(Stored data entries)
----------
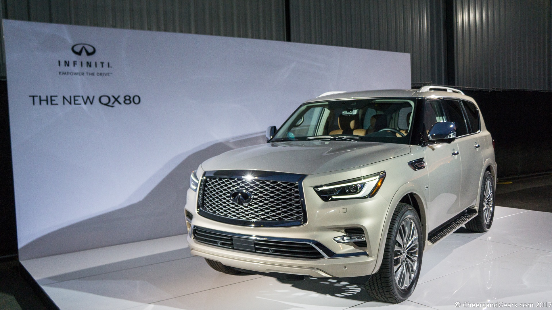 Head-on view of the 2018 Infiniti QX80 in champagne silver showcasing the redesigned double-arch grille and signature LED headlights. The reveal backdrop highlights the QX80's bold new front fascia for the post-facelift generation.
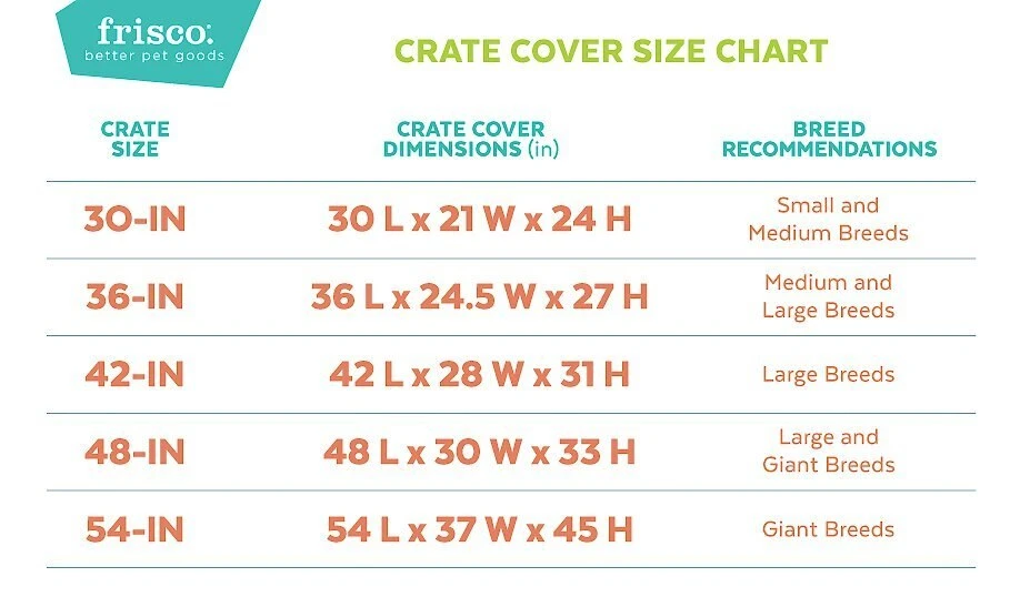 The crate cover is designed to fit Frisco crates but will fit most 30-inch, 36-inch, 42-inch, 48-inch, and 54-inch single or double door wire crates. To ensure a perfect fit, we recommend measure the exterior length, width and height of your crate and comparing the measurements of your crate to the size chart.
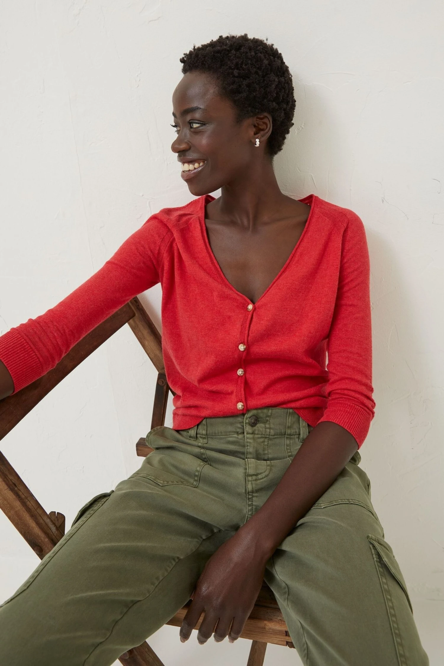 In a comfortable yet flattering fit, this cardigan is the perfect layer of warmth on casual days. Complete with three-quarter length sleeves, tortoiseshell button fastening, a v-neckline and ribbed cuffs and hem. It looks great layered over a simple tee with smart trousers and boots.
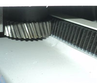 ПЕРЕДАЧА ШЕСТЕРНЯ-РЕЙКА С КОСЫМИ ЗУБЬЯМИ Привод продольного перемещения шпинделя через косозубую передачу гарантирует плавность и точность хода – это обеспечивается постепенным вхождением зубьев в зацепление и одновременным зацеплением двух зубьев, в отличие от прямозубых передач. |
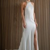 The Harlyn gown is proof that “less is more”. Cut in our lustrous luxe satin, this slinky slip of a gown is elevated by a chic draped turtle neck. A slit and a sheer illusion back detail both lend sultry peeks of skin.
----------
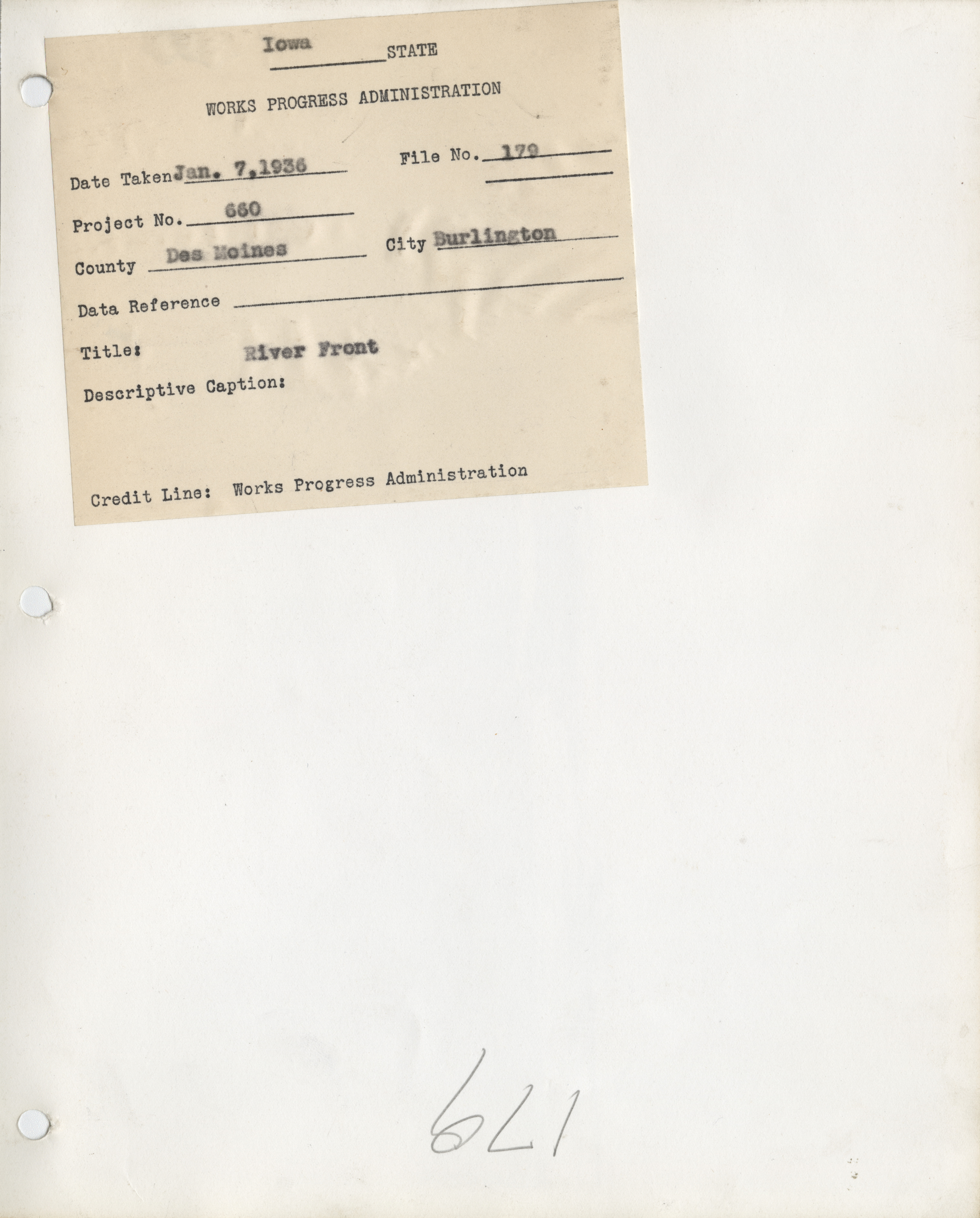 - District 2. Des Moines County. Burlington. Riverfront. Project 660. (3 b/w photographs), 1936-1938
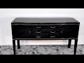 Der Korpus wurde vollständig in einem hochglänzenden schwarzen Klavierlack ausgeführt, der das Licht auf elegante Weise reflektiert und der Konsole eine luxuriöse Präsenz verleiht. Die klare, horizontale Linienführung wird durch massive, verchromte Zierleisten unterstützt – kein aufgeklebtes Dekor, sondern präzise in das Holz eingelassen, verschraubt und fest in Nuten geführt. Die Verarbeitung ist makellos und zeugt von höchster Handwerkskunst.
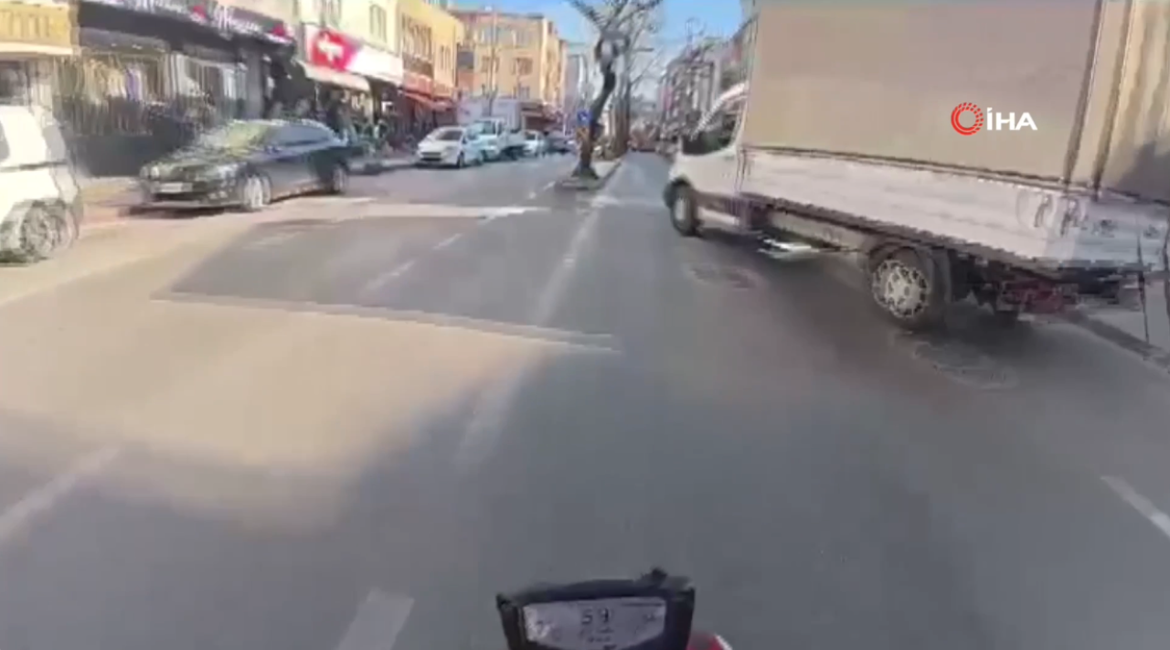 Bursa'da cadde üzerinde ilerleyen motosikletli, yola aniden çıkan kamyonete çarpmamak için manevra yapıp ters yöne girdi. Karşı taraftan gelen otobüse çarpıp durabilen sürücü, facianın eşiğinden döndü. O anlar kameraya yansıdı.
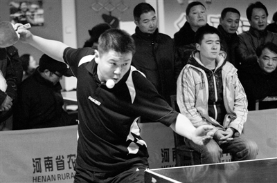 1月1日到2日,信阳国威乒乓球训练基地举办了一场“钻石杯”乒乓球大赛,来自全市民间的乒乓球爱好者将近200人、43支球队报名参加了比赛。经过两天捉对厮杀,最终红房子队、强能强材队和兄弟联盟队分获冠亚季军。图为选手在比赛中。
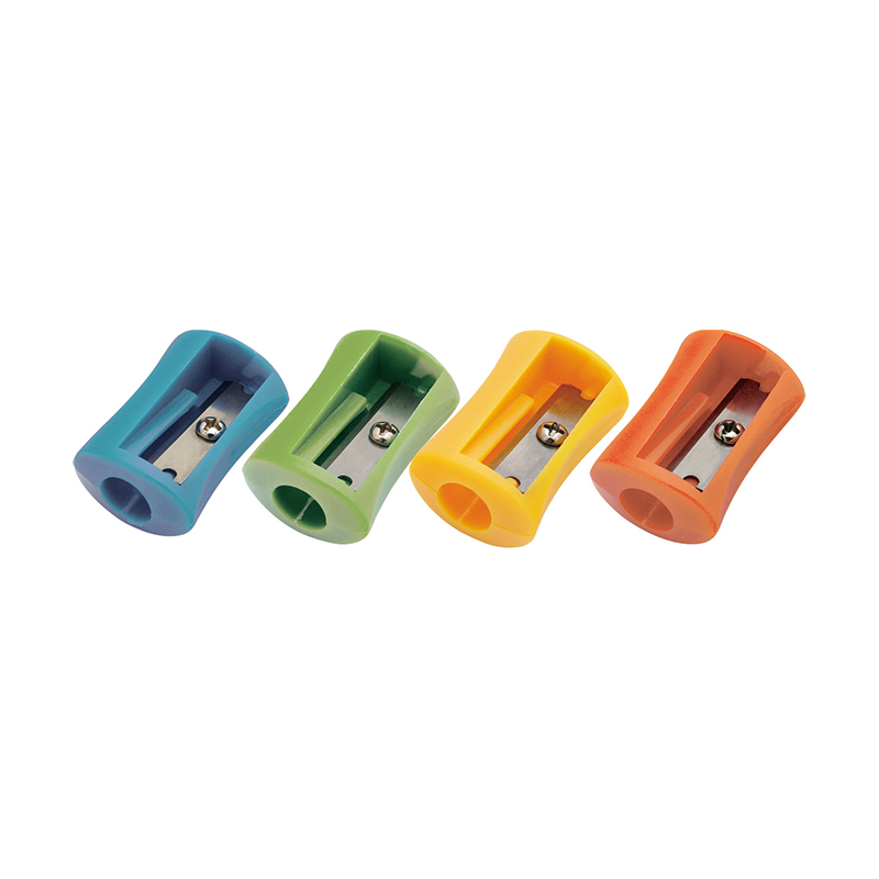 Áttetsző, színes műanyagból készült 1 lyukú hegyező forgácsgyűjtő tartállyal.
----------
- **Action item**
Output exactly the lines above, from the line with "Head-on view of" to the line with "The Harlyn gown", both included; skip the pictures.

- **Answer to the problem**
 Head-on view of the 2018 Infiniti QX80 in champagne silver showcasing the redesigned double-arch grille and signature LED headlights. The reveal backdrop highlights the QX80's bold new front fascia for the post-facelift generation.
 The crate cover is designed to fit Frisco crates but will fit most 30-inch, 36-inch, 42-inch, 48-inch, and 54-inch single or double door wire crates. To ensure a perfect fit, we recommend measure the exterior length, width and height of your crate and comparing the measurements of your crate to the size chart.
 In a comfortable yet flattering fit, this cardigan is the perfect layer of warmth on casual days. Complete with three-quarter length sleeves, tortoiseshell button fastening, a v-neckline and ribbed cuffs and hem. It looks great layered over a simple tee with smart trousers and boots.
 ПЕРЕДАЧА ШЕСТЕРНЯ-РЕЙКА С КОСЫМИ ЗУБЬЯМИ Привод продольного перемещения шпинделя через косозубую передачу гарантирует плавность и точность хода – это обеспечивается постепенным вхождением зубьев в зацепление и одновременным зацеплением двух зубьев, в отличие от прямозубых передач. |
 The Harlyn gown is proof that “less is more”. Cut in our lustrous luxe satin, this slinky slip of a gown is elevated by a chic draped turtle neck. A slit and a sheer illusion back detail both lend sultry peeks of skin.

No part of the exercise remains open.